• [Task to carry out]: Take the lines from the one with "Отдельный Домик эконом" through the end of the material below and repeat them exactly, dropping every picture.

• [Given data]:
--- START ---

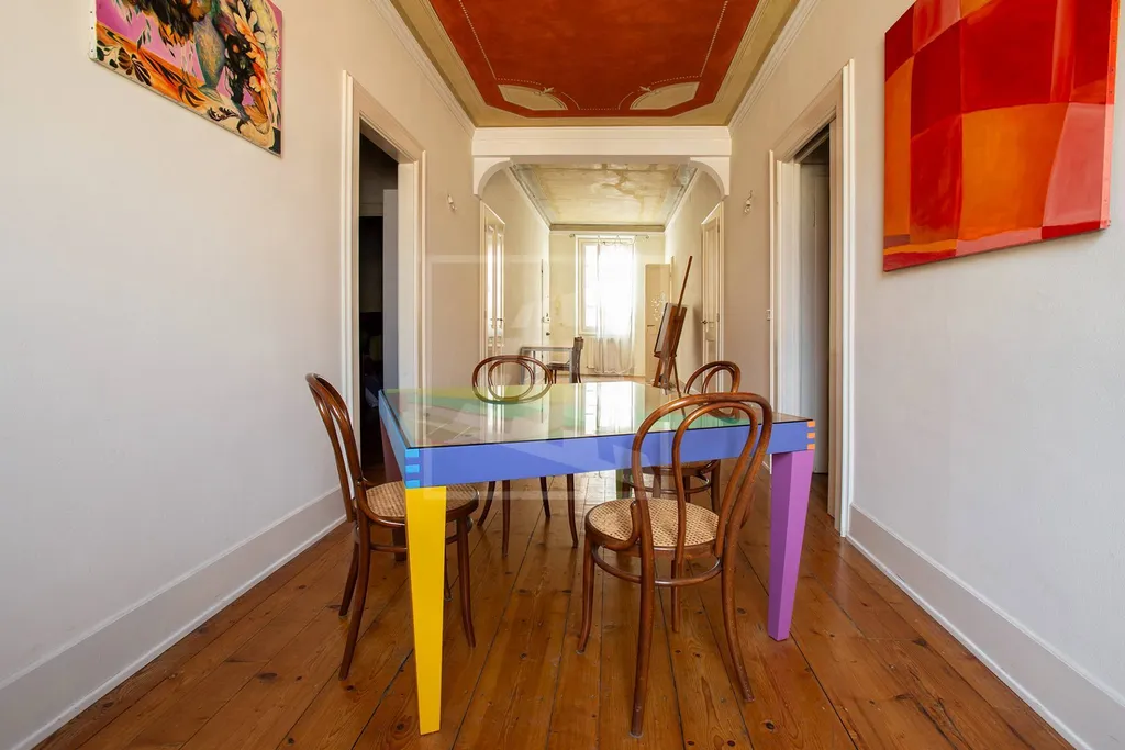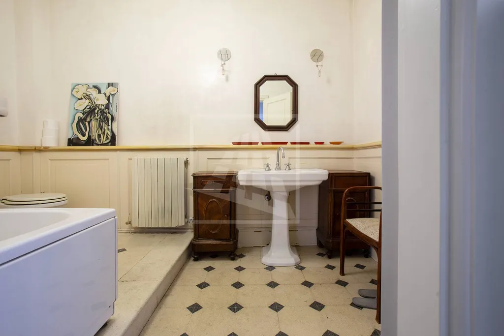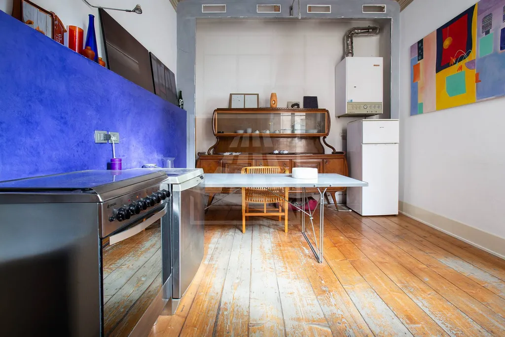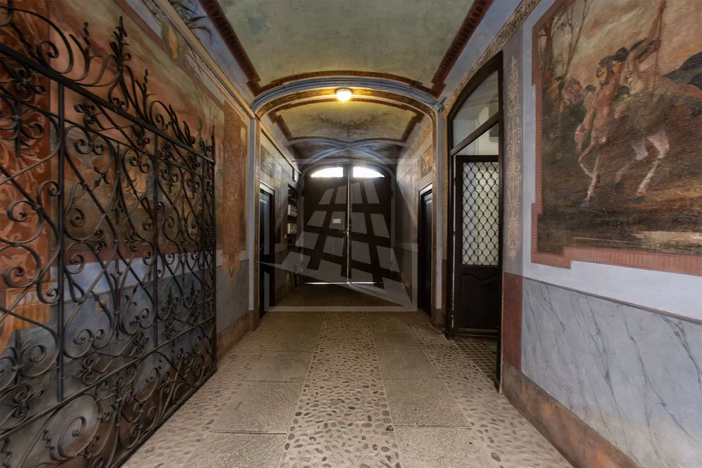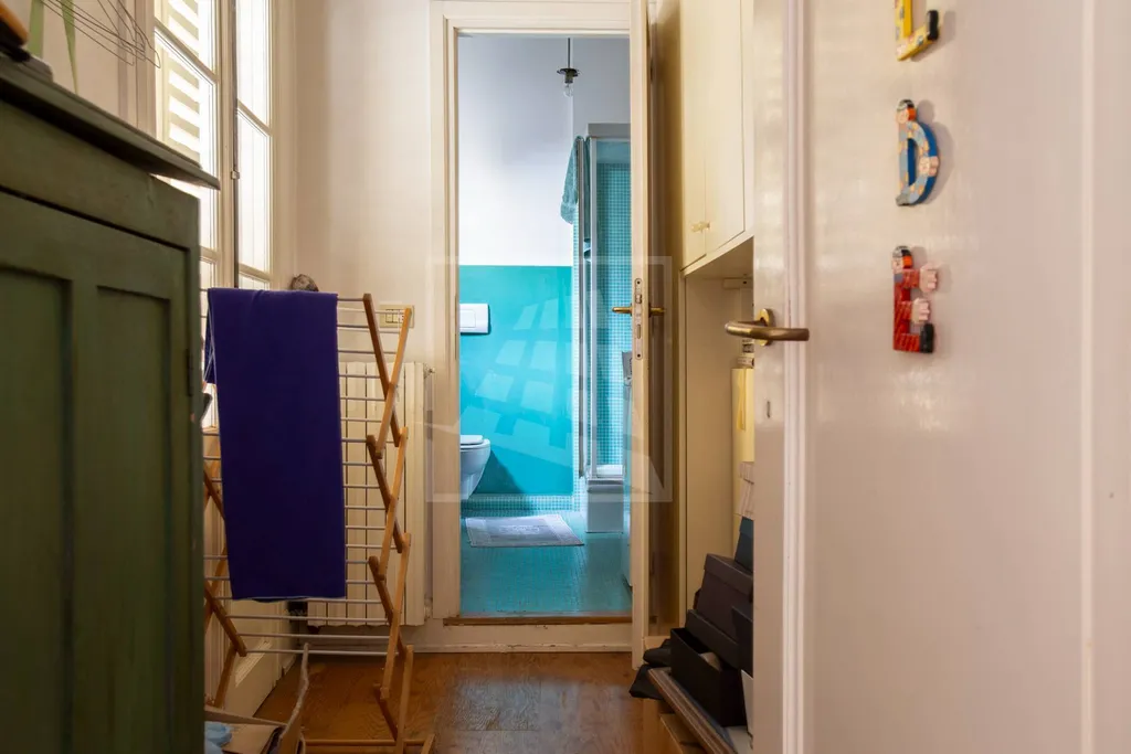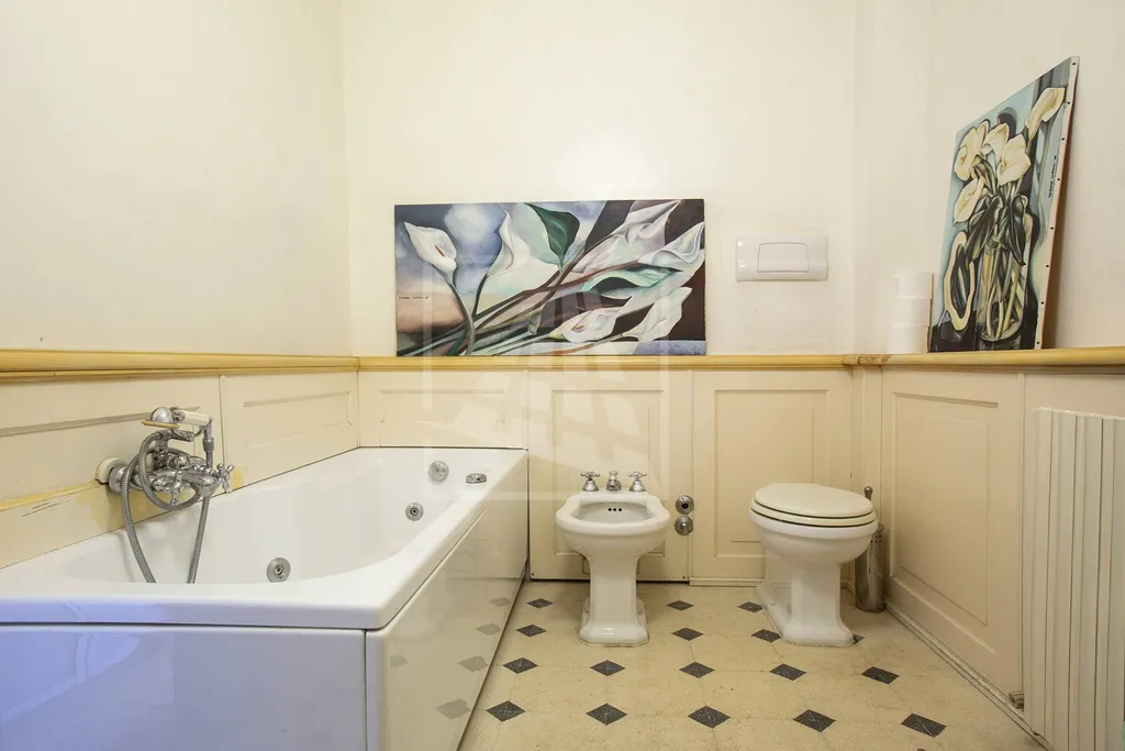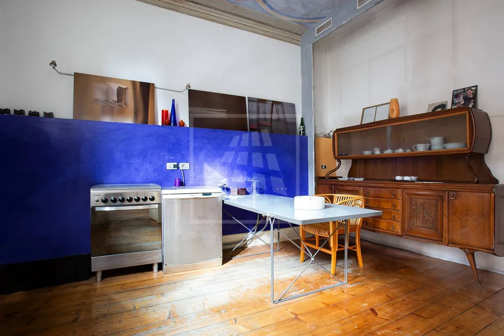 Il sapore unico dellappartamento si accompagna al confort e alle finiture di lusso e ampi spazi versatili: oltre ai soffitti affrescati (cucina compresa), un assito di abete e il cotto originale del 700 dialogano con una scala di cristallo che porta alla zona notte e con il bagno principale rifinito con boiserie e stucco veneziano.
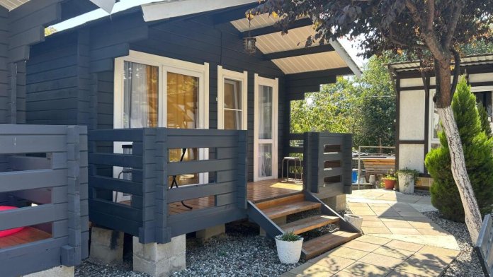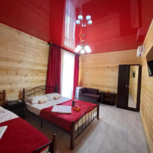 Отдельный Домик эконом класса. В номере только необходимая мебель, все удобства отдельно на улице 3 туалета и 3 душа благоустроенные, как в квартире. Есть летняя кухня, где можно готовить или столовая во дворе, также на территории дома есть беседки, качели, песочница.
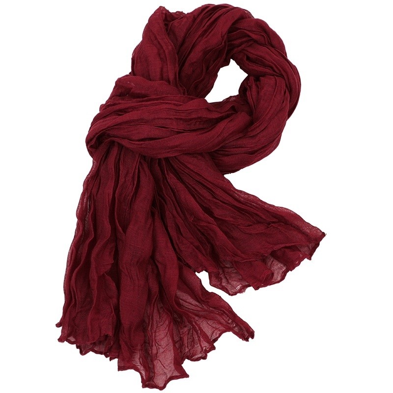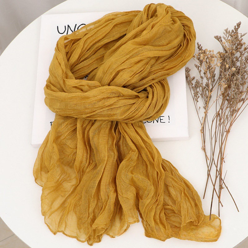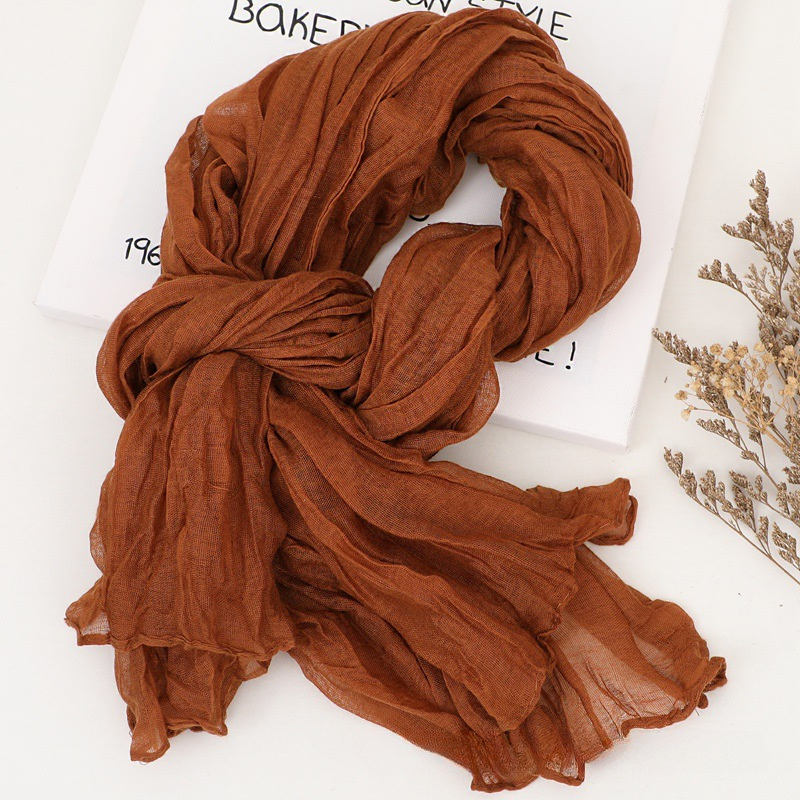 纯色棉麻褶皱围巾文艺复古丝巾女士秋冬百搭防寒围脖外搭防晒披肩

--- END ---

• [Exercise answer]:
 Отдельный Домик эконом класса. В номере только необходимая мебель, все удобства отдельно на улице 3 туалета и 3 душа благоустроенные, как в квартире. Есть летняя кухня, где можно готовить или столовая во дворе, также на территории дома есть беседки, качели, песочница.
 纯色棉麻褶皱围巾文艺复古丝巾女士秋冬百搭防寒围脖外搭防晒披肩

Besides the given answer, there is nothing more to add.